4.3.2 Proteins Oxidation
Proteins are also direct targets of ROS/RNS because of their high concentrations in living organisms, and different reactions involving proteins occur, such as carboxylation, nitration, loss of sulfhydryls, backbone damage, side-chain damage, fragmentation, unfolding and conformational changes in tertiary and quaternary structures, alteration of electrical charge, oxidation of specific amino acids, spontaneous reactions with glucose (glycosylation), and covalent cross-links [83, 87, 94].
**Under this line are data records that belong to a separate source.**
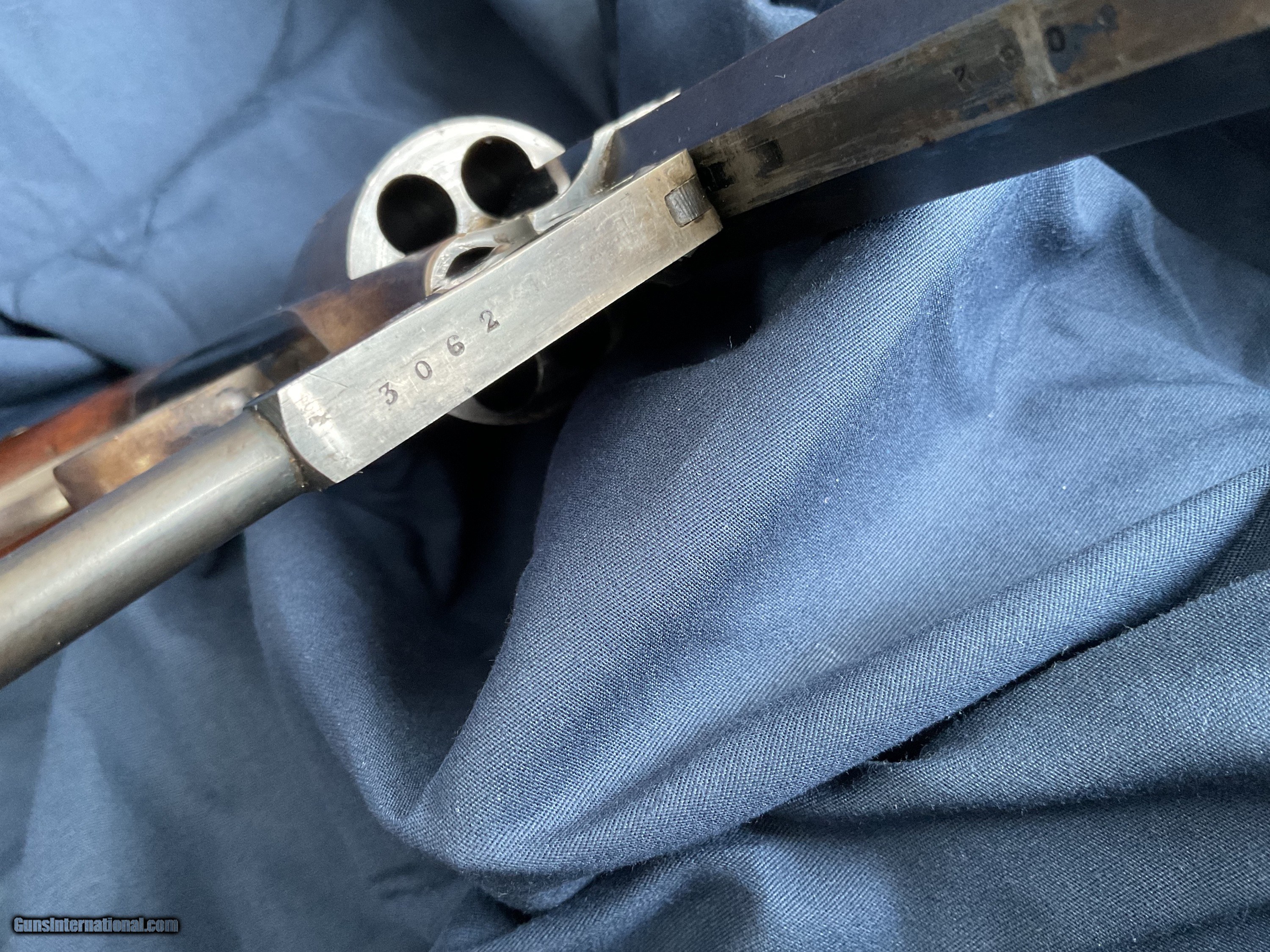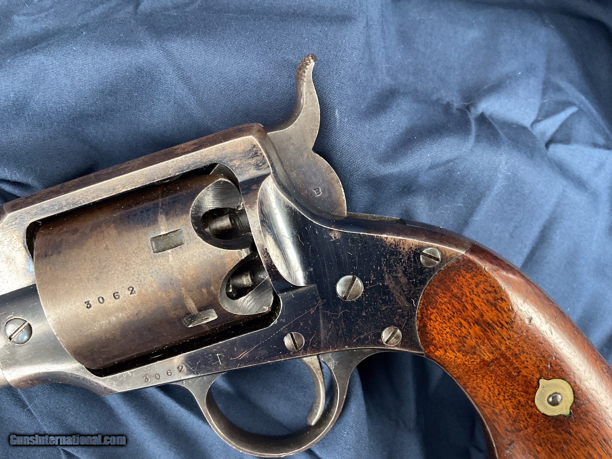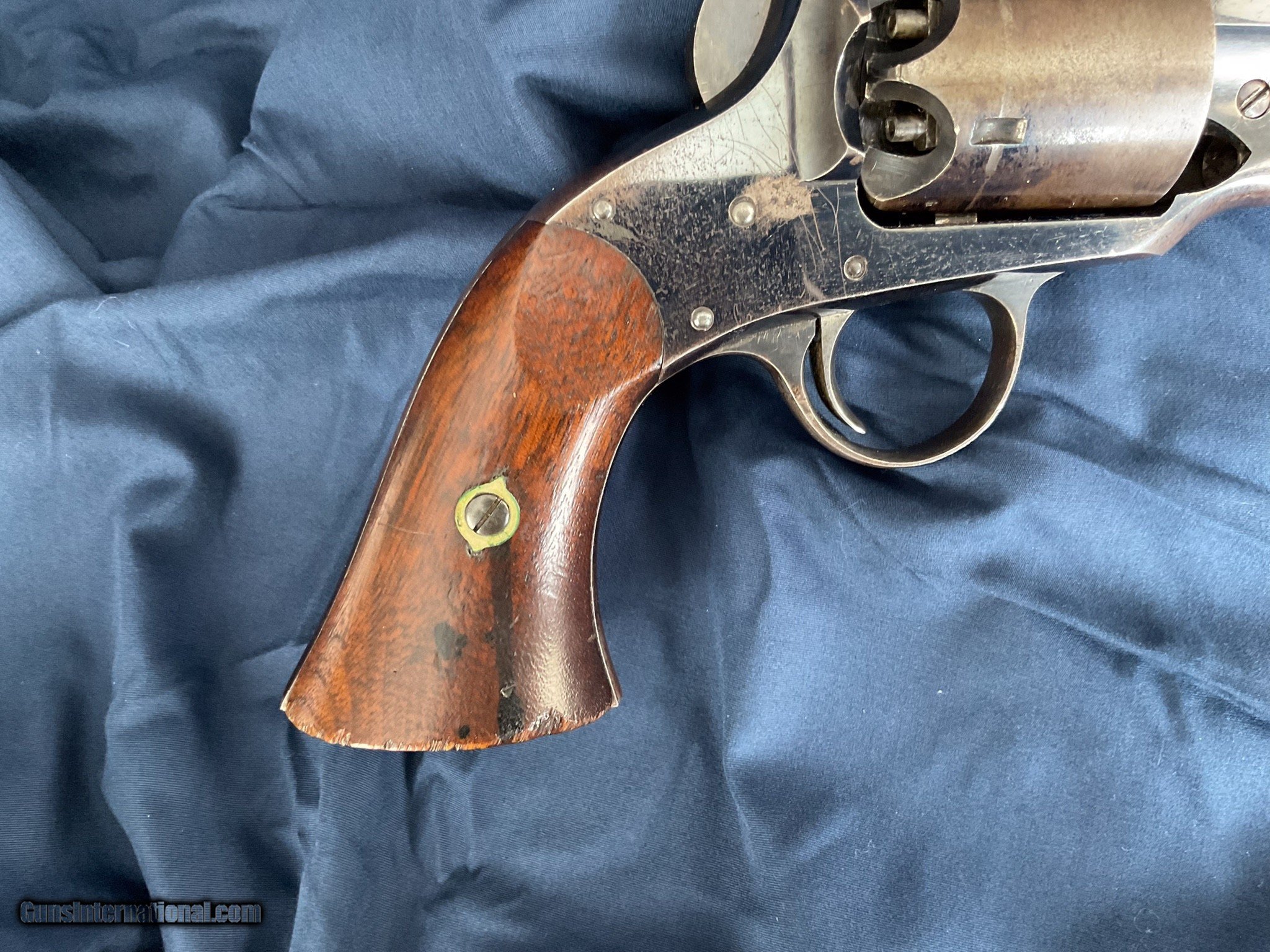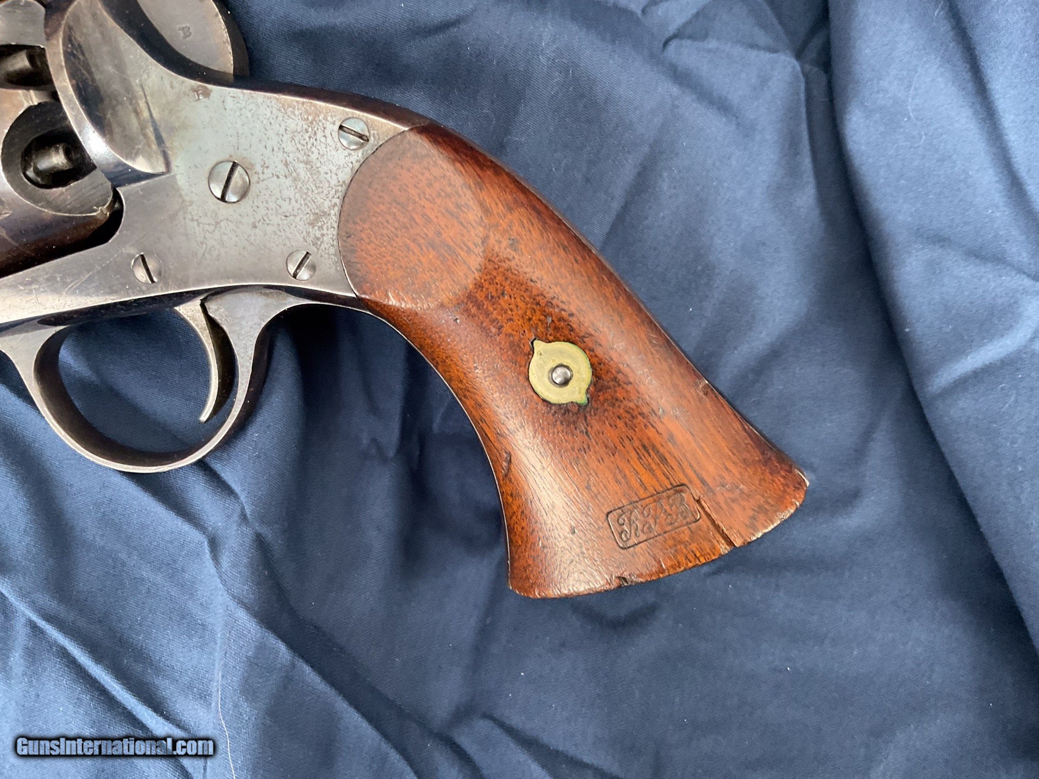 Description: This six-shot .44 caliber percussion single action revolver was manufactured by the Rogers & Spencer Co. of Willow Dale, New York, and was part of a 1864 Ordnance Department contract for 5,000 revolvers. Most of these Rodges & Spencer revolvers were delivered after the conclusion of hostilities in April 1865 and were never issued. The top strap is marked "ROGERS & SPENCER /UTICA N-Y". The matching serial number is located on the bottom of the grip strap, the cylinder, the underside of the barrel, the loading lever, cylinder and the left side of the frame. Ordnance "B" sub-inspection marks are stamped on the barrel, frame, loading lever, cylinder, trigger guard, and grips. Cone front and frame notch rear sights, blue finish with casehardened hammer and loading lever. Fitted with smooth walnut grips with a sharp boxed "RPB" cartouche on the lower left side and each panel is numbered to the gun on the inside. The revolver retains 45 to 50% of the bright original blue finish, showing scattered patches of smooth brown patina with some bright edge wear and handling marks. The grips are in good condition, showing normal handling marks and a few scattered minor dings and scratches. The cartouche on the left panel remains sharp. The markings are sharp. The action is excellent. This is a well above average conditioned Civil War Rodgers & Spencer revolver offered at a reasonable price. Please feel free to ask questions. I will consider trades and I also offer a layaway (please contact me for full details). SOLD Antique: Yes |
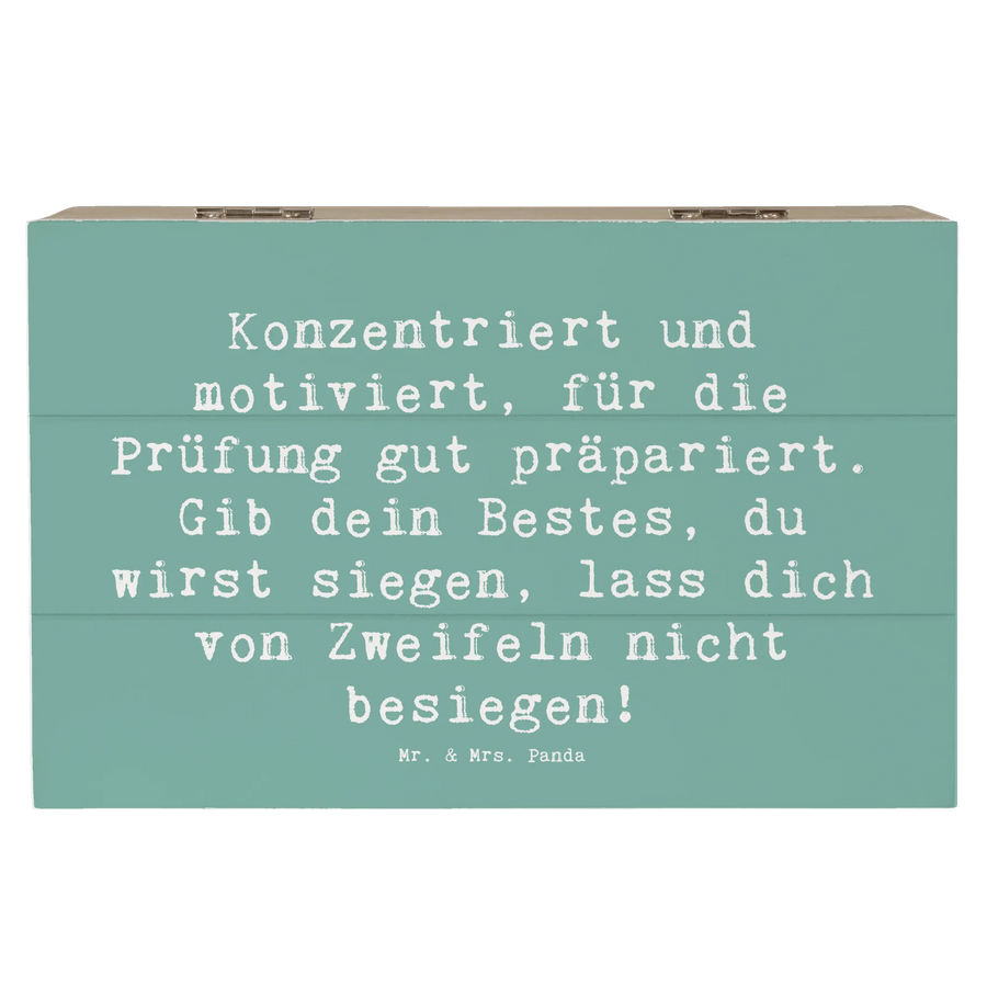 Die wunderschöne Holzkiste von Mr. & Mrs. Panda ist das perfekte Geschenk für alle, die kurz vor wichtigen Prüfungen stehen und einen kleinen Motivationsschub brauchen. Mit dem liebevollen Spruch "Konzentriert und motiviert, für die Prüfung gut präpariert. Gib dein Bestes, du wirst siegen, lass dich von Zweifeln nicht besiegen!" ermutigt diese Erinnerungskiste dazu, die eigenen Träume zu verwirklichen. Egal ob für Schüler, Studenten oder sogar für das eigene Kind – diese spezielle Kiste bietet Platz für Erinnerungen, Fotos oder kleine Schätze, die an die Zeit des Lernens erinnern.
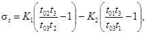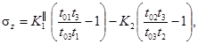 10.5. Если величины t01, t02 различаются существенно (более чем на 1,5 % - 2 %), материал считают анизотропным и расчет двухосного НС проводят по формулам:
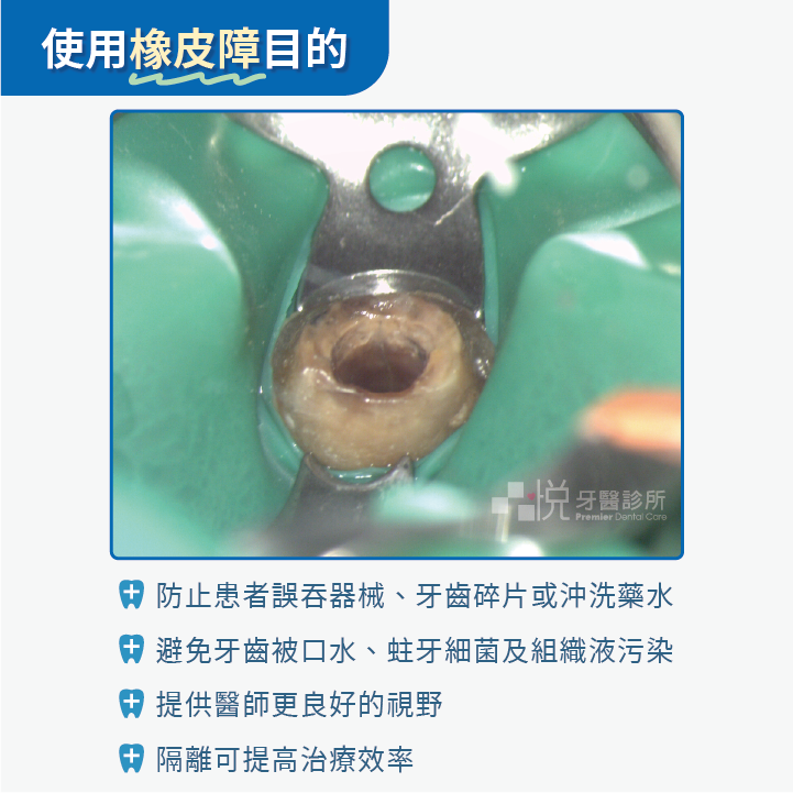 顯微根管治療的過程有個最重要的輔助工具就是-橡皮障(傳說中的小綠布)
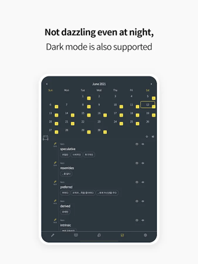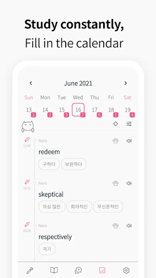 • According to the learning schedule, you can select only the words you want to learn today and take the quiz.
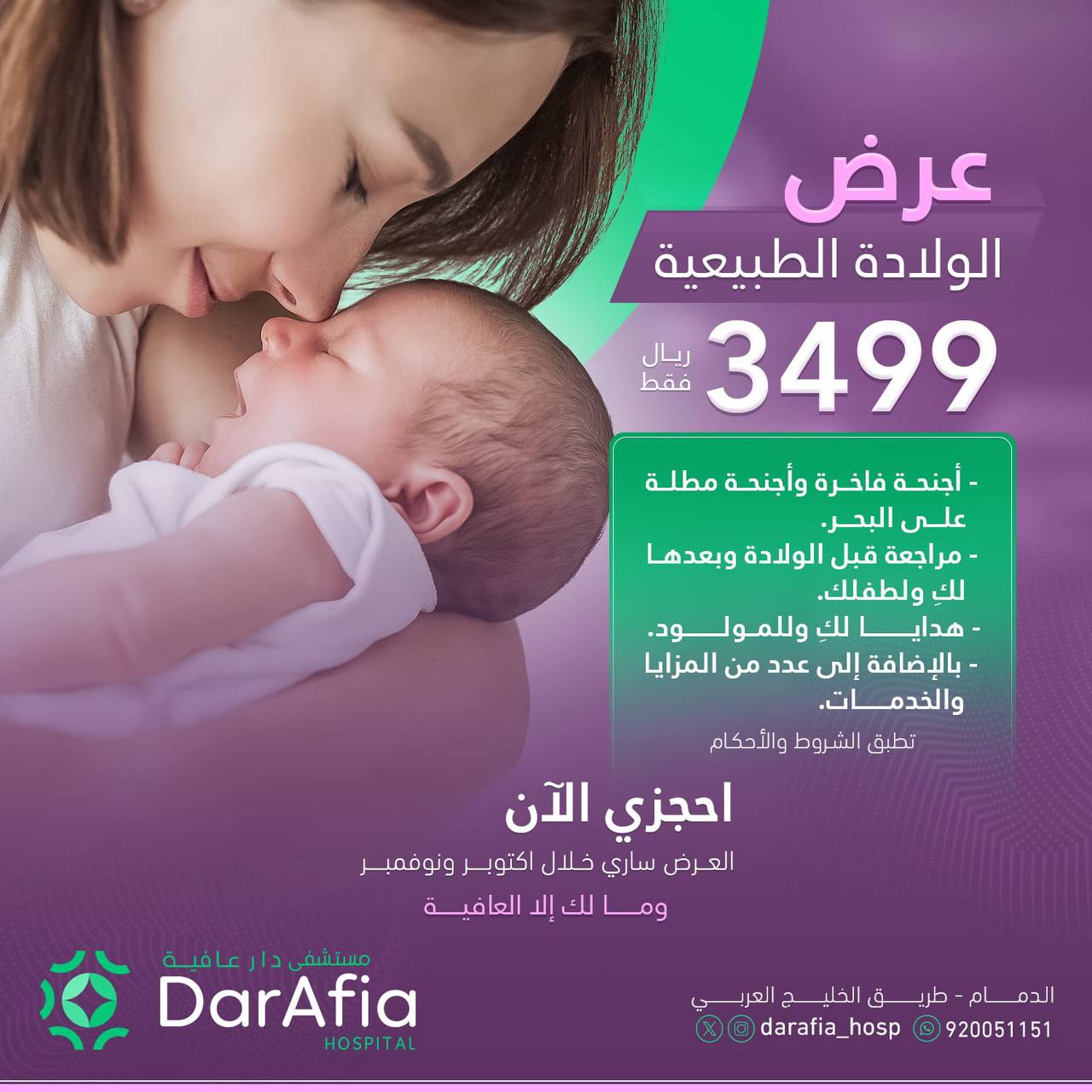 استقبل مستشفى دار عافية بمدينة الدمام، المولود الأول بالمستشفى، في حالة ولادة مبكرة، استطاع من خلالها الطاقم الطبي التعامل مع الحالة بمهنية عالية مع الحرص على أن تكون الولادة طبيعية.
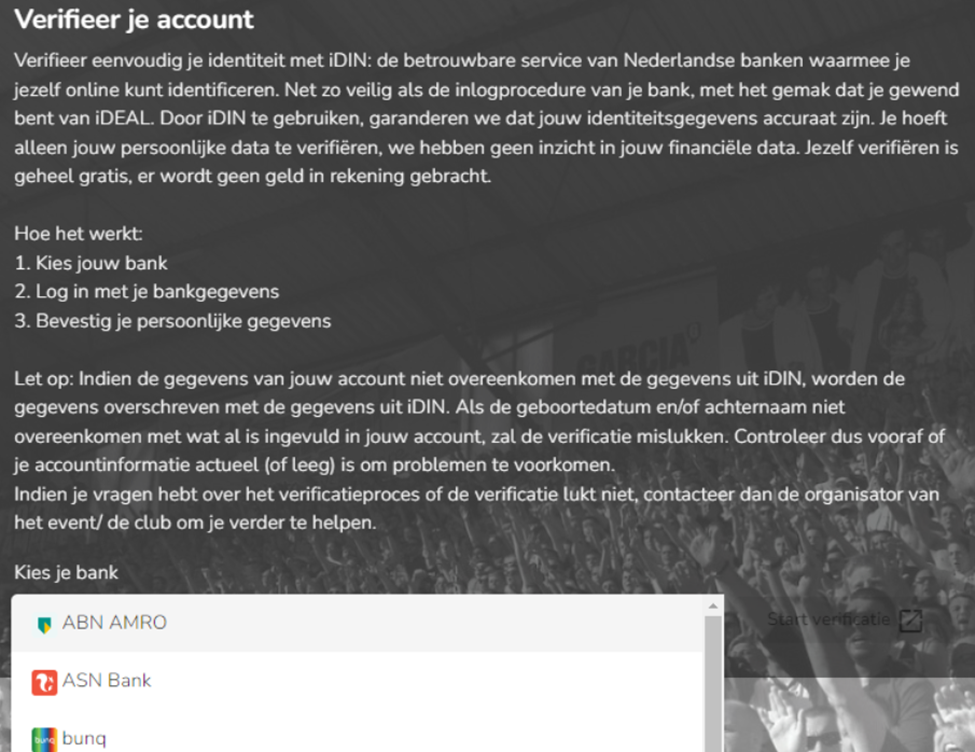 In the next screen, some more information is shown and you can make the choice of bank. This text is not customisable and is displayed in each organisation. After selecting the bank, confirmation of your identification starts.
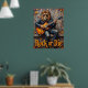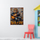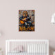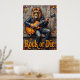 Esta dinámica obra de arte retrata a un león, luciendo sin esfuerzo fresco con gafas de sol y una chaqueta de cuero, "triturando" magistralmente una guitarra eléctrica mientras se sienta sobre una cornisa de madera desgastada. El fondo es una pared de madera ricamente texturada, adornada con hojas de otoño dispersas. El grueso y expresivo deterioro crea una textura tangible, haciendo que la declaración "Rock or Die" resuene con la energía cruda de la actuación.
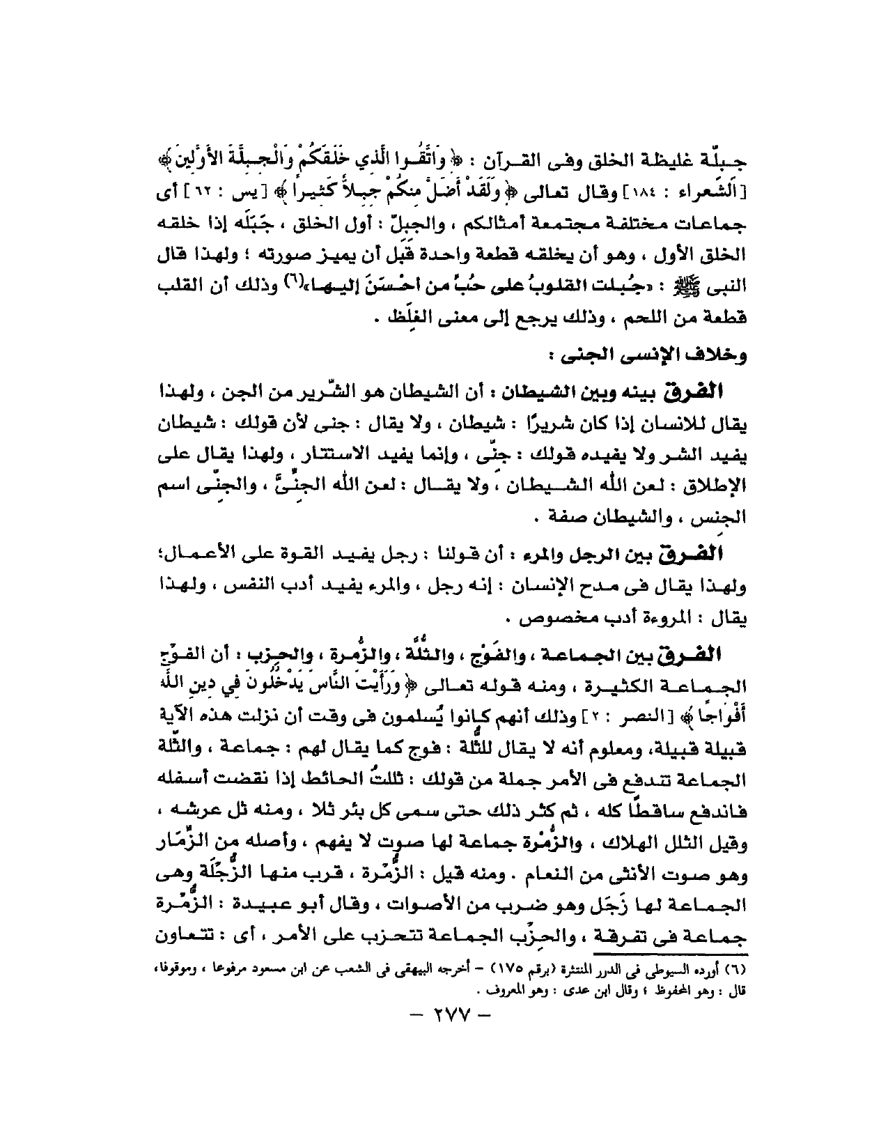 أَن الشَّيْطَان هُوَ الشرير من الْجِنّ وَلِهَذَا يُقَال للْإنْسَان إِذا كَانَ شريرا شَيْطَان وَلَا يُقَال جني لِأَن قَوْلك شَيْطَان يُفِيد الشَّرّ وَلَا يفِيدهُ قَوْلك جني وَإِنَّمَا يُفِيد الاستتار وَلِهَذَا يُقَال على الاطلاق لعن الله الشَّيْطَان وَلَا يُقَال لعن الله الجني والجني اسْم الْجِنْس والشيطان صفة

Protein, as well as lipid, oxidation by FRs is initiated by the abstraction of a hydrogen atom from the a-carbon site, resulting in a carbon-centered radical. This reaction can be carried out at the backbone or in the side chain, and in both cases, these species appear to have two major fates: reaction with O2 to give a peroxyl radical or a reaction with another radical. The peroxyl radicals that are formed undergo different subsequent reactions that are dependent on if the reaction is with the backbone or side chain. When the reaction occurs with the backbone, an elimination reaction releases HO2 • and generates an imine, which undergoes further hydrolysis and backbone fragmentation. When the reaction occurs with the side chain, peroxyl radicals undergo a range of radical–radical termination reactions that can generate alcohols and carbonyl compounds or, alternatively, alkoxyl radicals and O2. When the reaction occurs with another radical, the carbon-centered radical is converted into a hydroperoxide, and if this reaction occurs with the backbone, the subsequent decomposition of the hydroperoxide to a radical can result in backbone fragmentation via an alkoxyl-radical-mediated process [85, 95].